Figure 6. Ca²⁺ influx during a single presynaptic action potential is significantly less at endbulb versus calyx terminals.

A, presynaptic membrane potential responses to either sustained (Aa, 100 ms duration, –30 to 120 pA) or pulse-like (Ab, 1 ms duration, 180 pA) current injections recorded in current-clamp configuration. B, comparison of presynaptic APs elicited by current injection of afferent fibre stimulation. Initial APs from the trains illustrated in Ab and Ac shown superimposed. C, presynaptic APs elicited by afferent fibre stimulation had shorter half-widths (left) but similar peak amplitudes (right) when compared with those elicited by depolarizing current injections. D, first and last APs elicited by a 100 Hz train consisting of 25 stimuli are shown superimposed to illustrate stability of AP waveform during high-frequency stimulation. E–G, comparison of simulated I_Ca(V) during presynaptic endbulb and calyx APs.

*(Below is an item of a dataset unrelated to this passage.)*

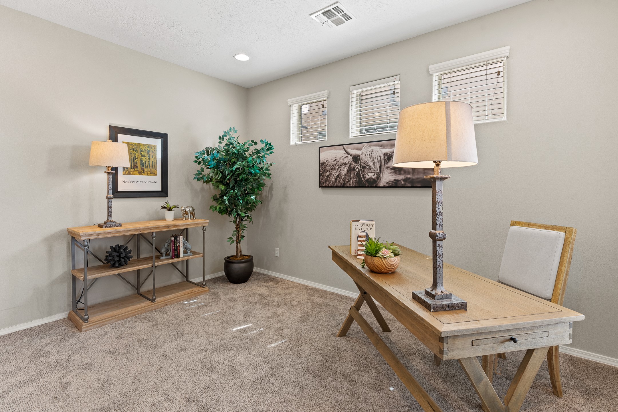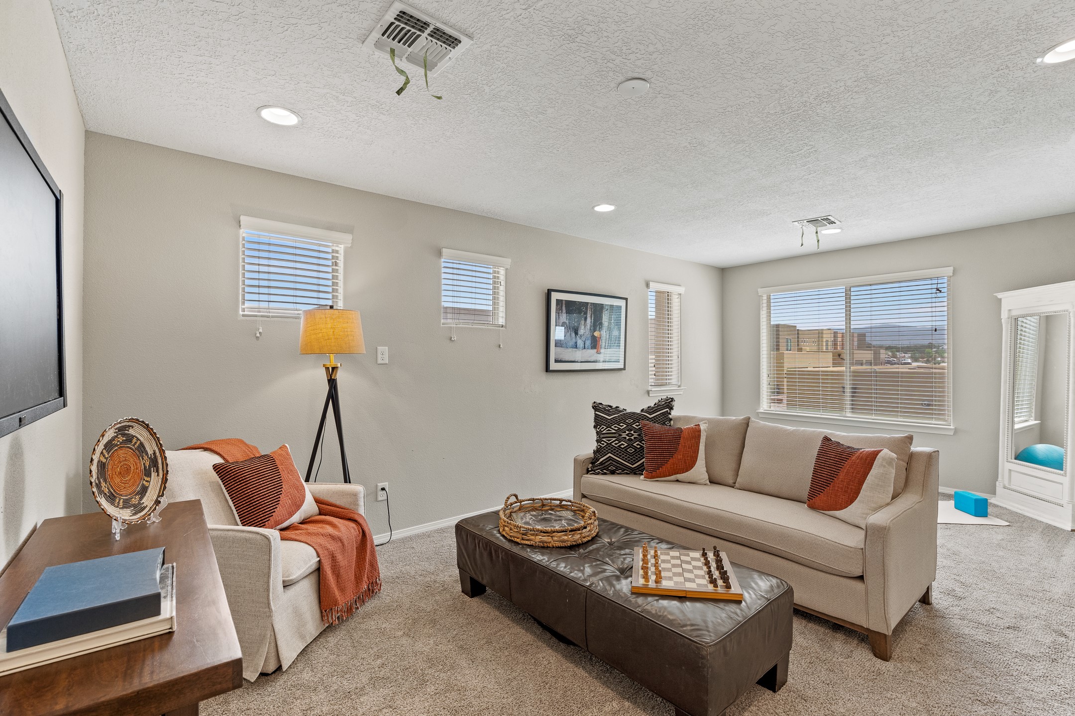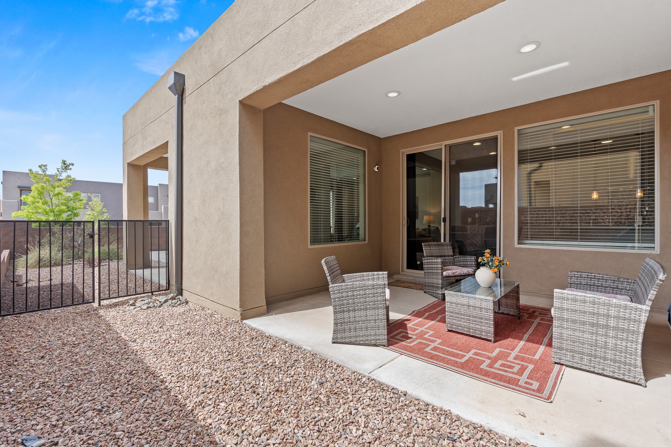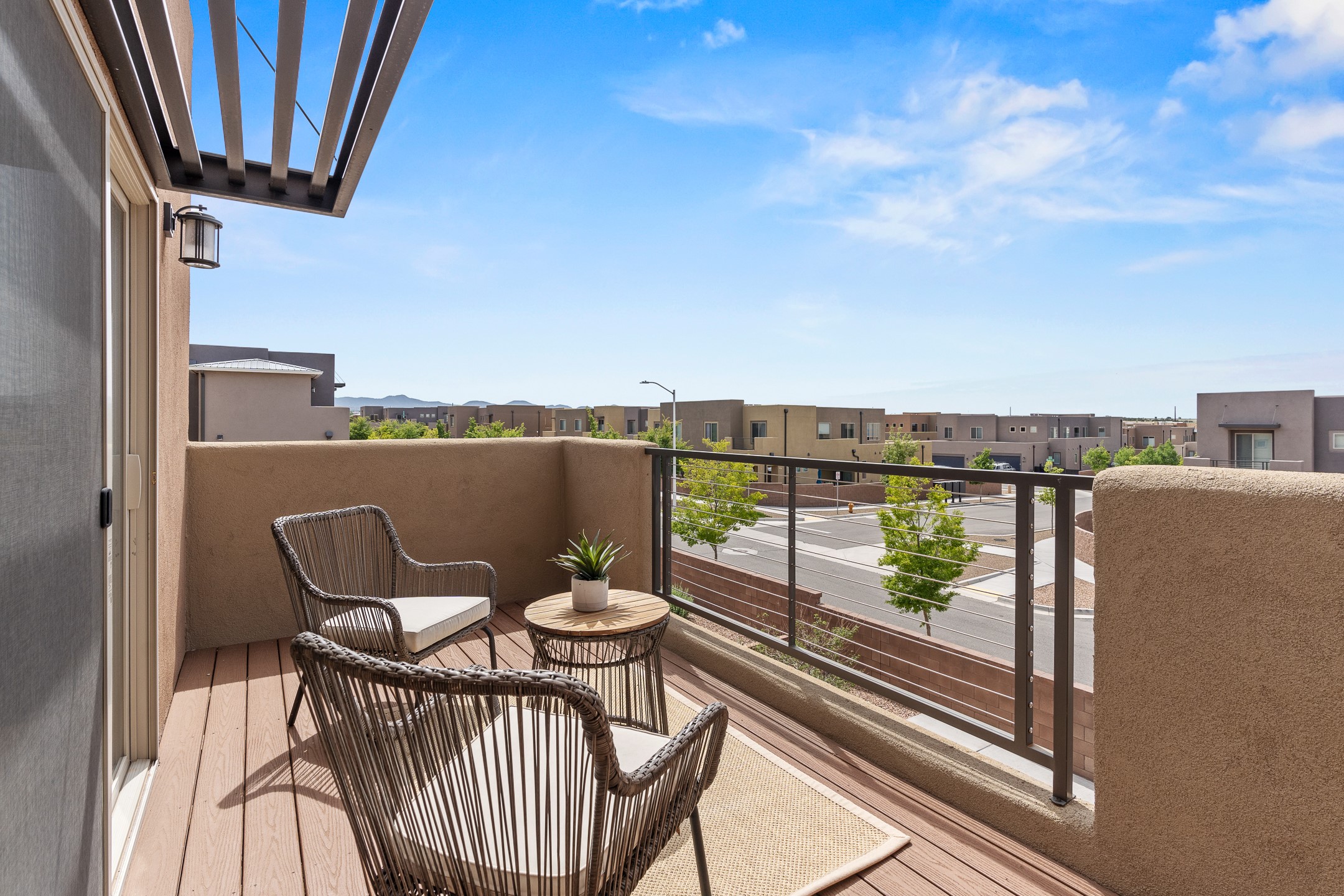 Welcome to this beautifully designed townhome offering the perfect balance of low-maintenance living and spacious indoor-outdoor living. a Ideal for a lock-and-leave lifestyle, yet with 2485 sq.ft. of generous living spaces, this home doesn't compromise on comfort or functionality. Enjoy the spacious balcony off the upstairs primary suite--perfect for a morning coffee or evening unwind while relaxing with the famous skies of Santa Fe. Downstairs settle into the generous private patio just off the kitchen and dining area, ideal for entertaining or dining al fresco. Inside, you'll find a flexible and functional floor plan featuring 3 bedrooms, 2.5 baths, a dedicated office/den/media room on the main level, and a versatile upstairs bonus room--perfect for a kids' playroom, home gym, media space, or a combination of all three. The well-equipped kitchen includes a pantry and modern finishes and newer stainless appliances, opening to a light-filled dining and living area. Conveniently located to shopping, and everyday essentials, this home makes coming and going a breeze--whether you're commuting, traveling, or simply living the life. Don't miss the opportunity to make this townhome yours today.
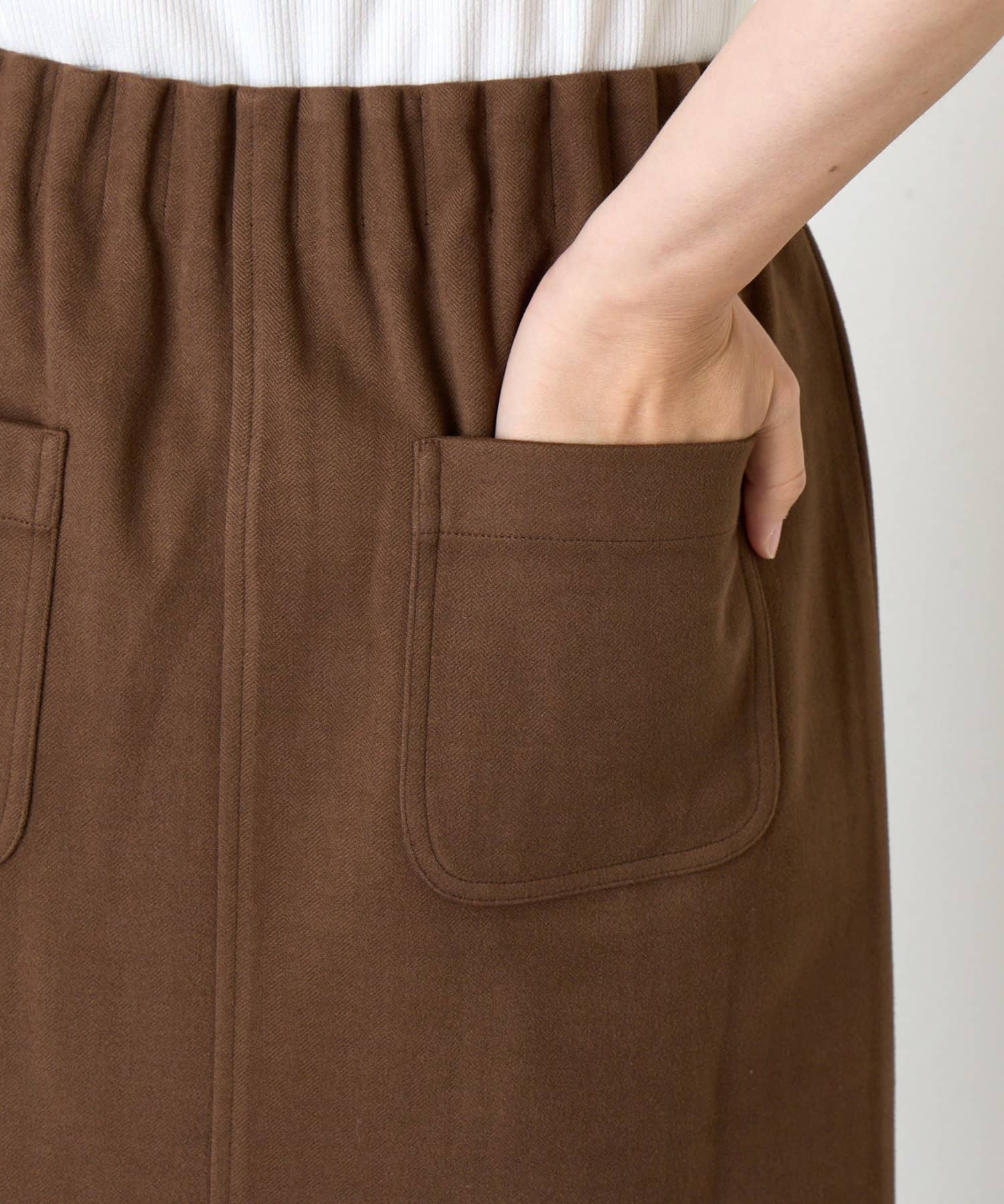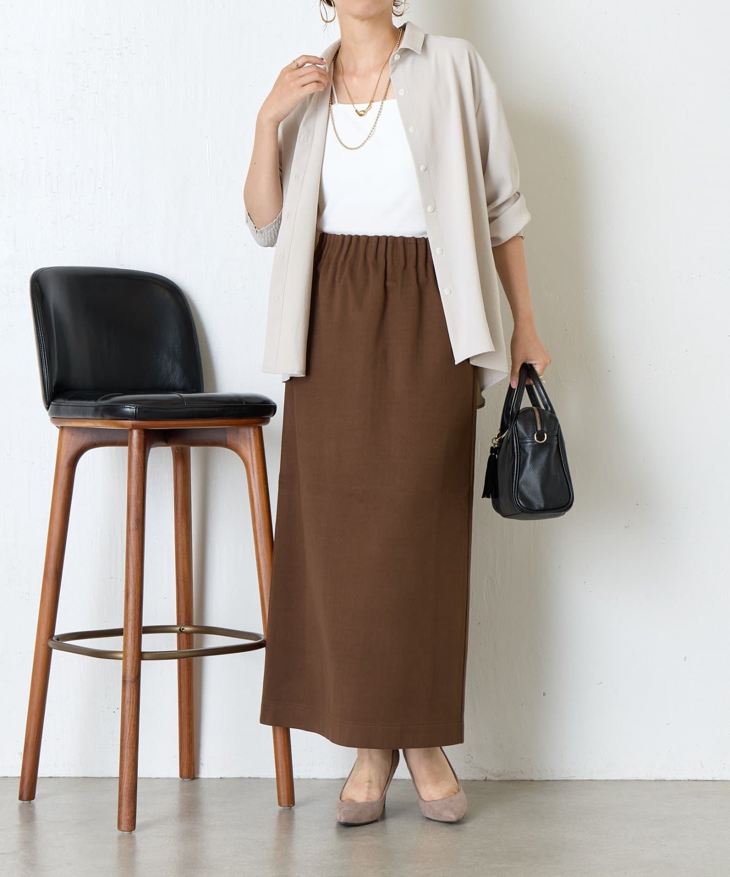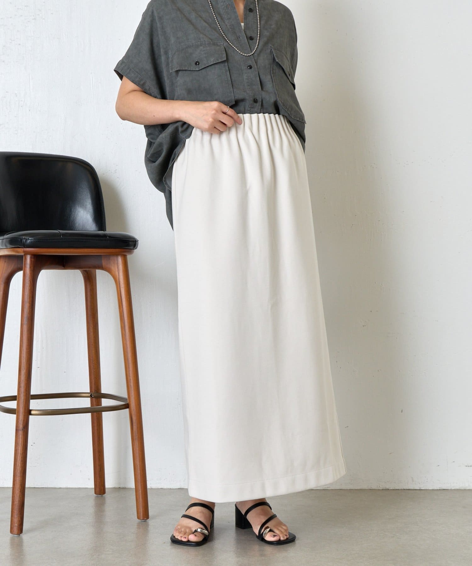 ・やわらかな風合いとマットな質感が特徴で、まるでウールのような温かみのある表情を楽しめるロングスカート。

E, endbulb APs (black) were slightly smaller in amplitude and shorter in duration compared to those recorded from calyxes (grey). F, simulated time course of the activation parameter m². Because of its larger amplitude and longer duration, the calyceal AP waveform opened presynaptic VGCC more efficiently than the endbulb AP. G, simulated I_Ca(V) during presynaptic APs in endbulb (black) and calyx (grey) AP. On average, the simulated presynaptic I_Ca(V) was ∼6 times smaller for endbulb terminals compared to the simulated current for calyx terminals. The time scale bars in panels Aa and G also apply to panels Ab, Ac and B, D, E and F, respectively. V_m was −80 mV.